Mendoza School of Business

IT researcher honored with ‘early career’ award

Published: November 7, 2018 / Author: Carol Elliott



For her research in the area of IT management, University of Notre Dame business professor Hong Guo received an “early career” award from the leading international association for professionals in operations research and analytics.

Guo, the Robert and Sara Lumpkins Associate Professor in Business Analytics, was awarded the Institute for Operations Research and the Management Sciences (INFORMS) Sandy Slaughter Early Career Award in recognition of the honor of being “an early career individual on a path towards making outstanding intellectual contributions to the Information Systems Discipline.”

Guo, who joined Notre Dame’s Mendoza College of Business in 2009, studies emerging phenomena in IT by characterizing key design features of systems such as mobile platforms, digital games and product review systems, and examining firms’ corresponding strategies. She also studies the economic analysis of IT policy issues, including net neutrality and public safety networks.

In a recent study, “Selling Virtual Currency in Digital Games: Implications on Gameplay and Social Welfare,” forthcoming in Information Systems Research, Guo and her co-authors find that selling virtual currency reduces the playing times for some heavy players, which helps to alleviate the risk of excessive gaming. Selling virtual currency also leads to a larger player base and more people enjoying the many benefits from playing digital games.

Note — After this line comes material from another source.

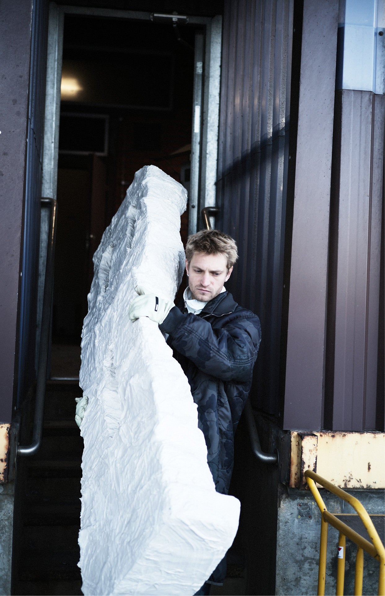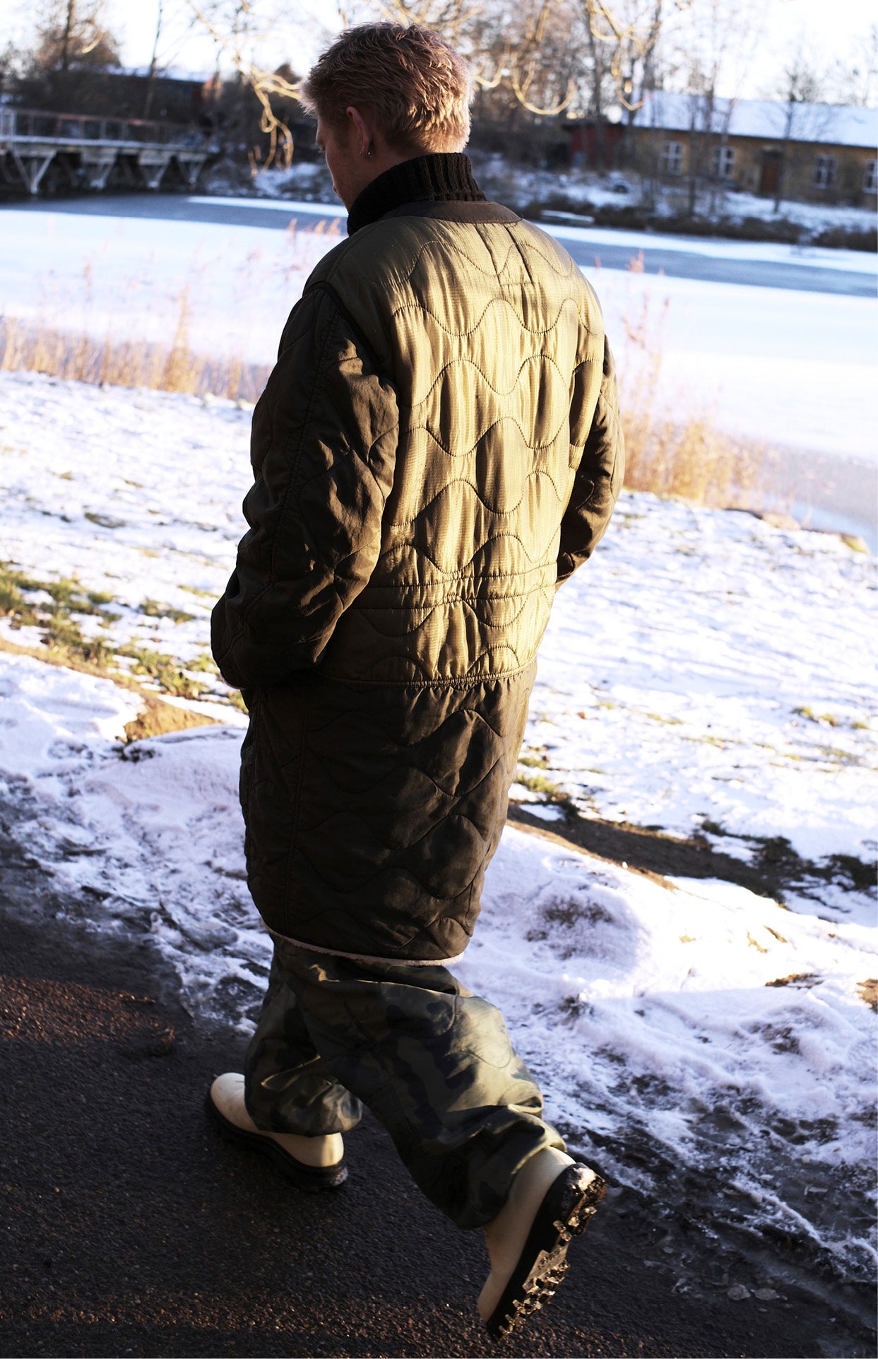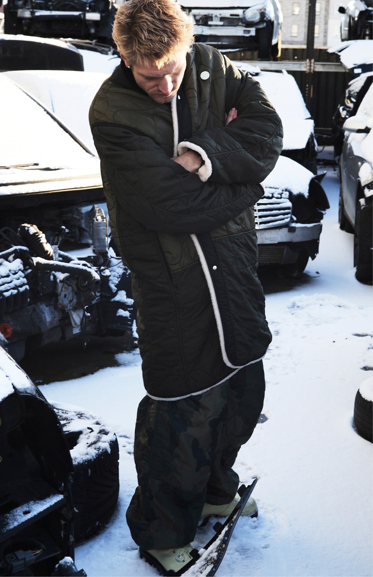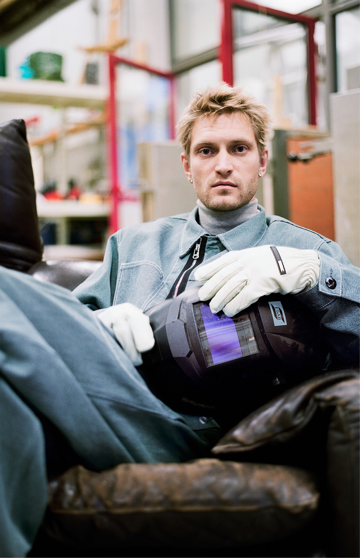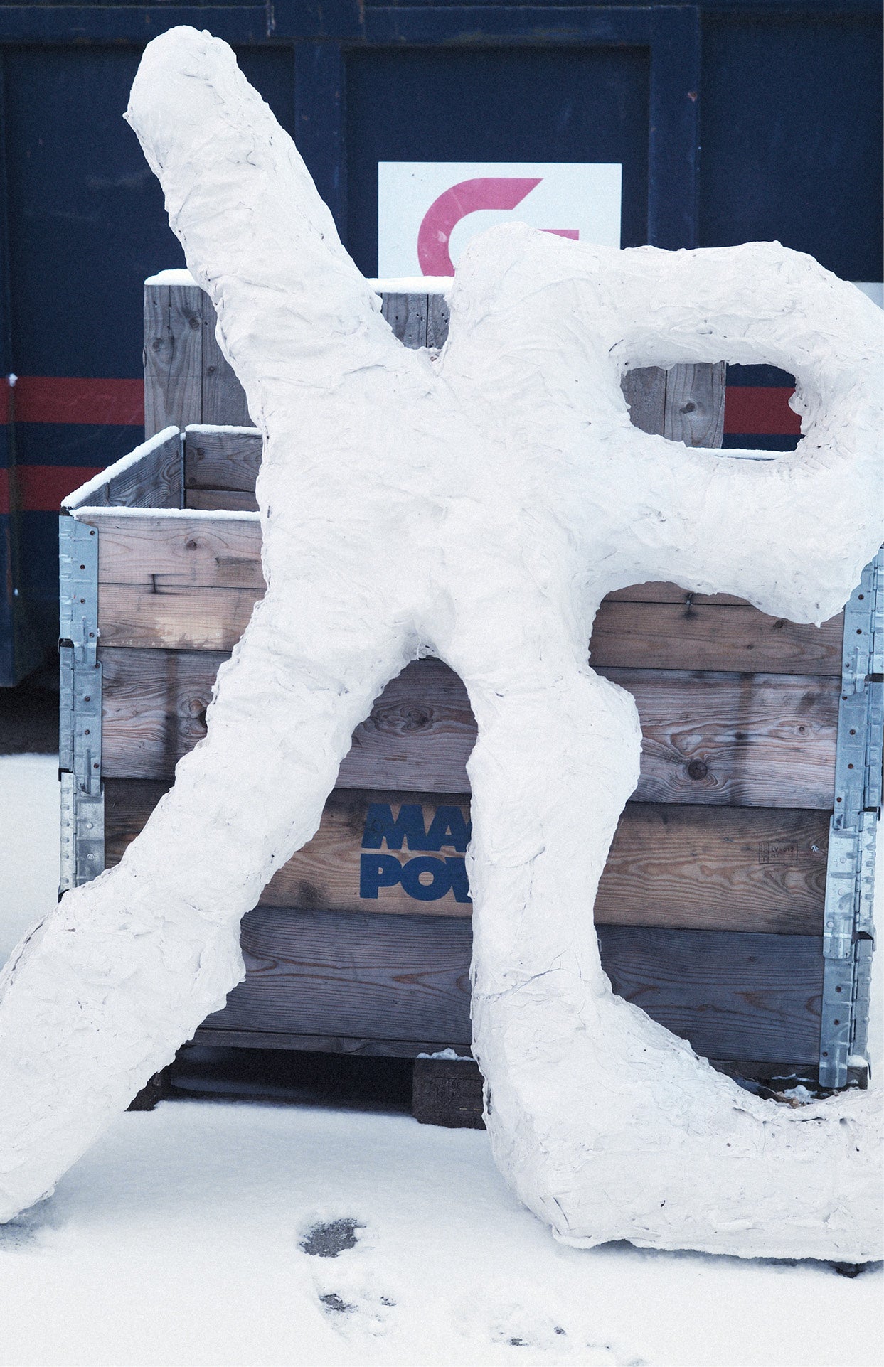 Photographed by Chris Lensz for OAMC, Nystrup-Larsen wears the OAMC Re:Work Fall/ Winter 2022 collection in and around his Copenhagen studio, revealing a cacophony of forms from his working archive. Amongst them, strange lamps formed in metal and jersey knit are informed by his layered impressions of Tai Chi poses, and hybrid readymades poke fun at sports and industry. Propped up in the snow under the wintersun, papier maché structures are remnants of a commentary on the aesthetics of early video game culture – warped sentinels that hint at both abstract and figurative forms in Nystrup-Larsen’s dynamic opus. Though seemingly disparate, these objects are but a glimpse into the Royal College of Art graduate’s thought and work process, one that constantly questions the world around him, toying with the absurdity of consumer culture, technology, the legacy of art history, and even the permanence of art itself. Case in point: a 2019 project titled OFF LICENSE CASH ONLY, where Nystrup-Larsen (together with Oliver Sundqvist) fabricated a pop-up store of brightly-painted papier maché trash and sold over 100 pieces at the market value of their imaginary contents.

Her research has been published in top business journals such as MIS Quarterly, Information Systems Research, Manufacturing & Service Operations Management and Production and Operations Management. Guo teaches analytics courses for Mendoza’s Department of IT, Analytics, and Operations. She won the Rev. Edmund P. Joyce, C.S.C. Award for Excellence in Undergraduate Teaching in 2017 and the James Dincolo Outstanding Teaching Award for Undergraduate Teaching in 2013.

She earned her Ph.D. from the University of Florida.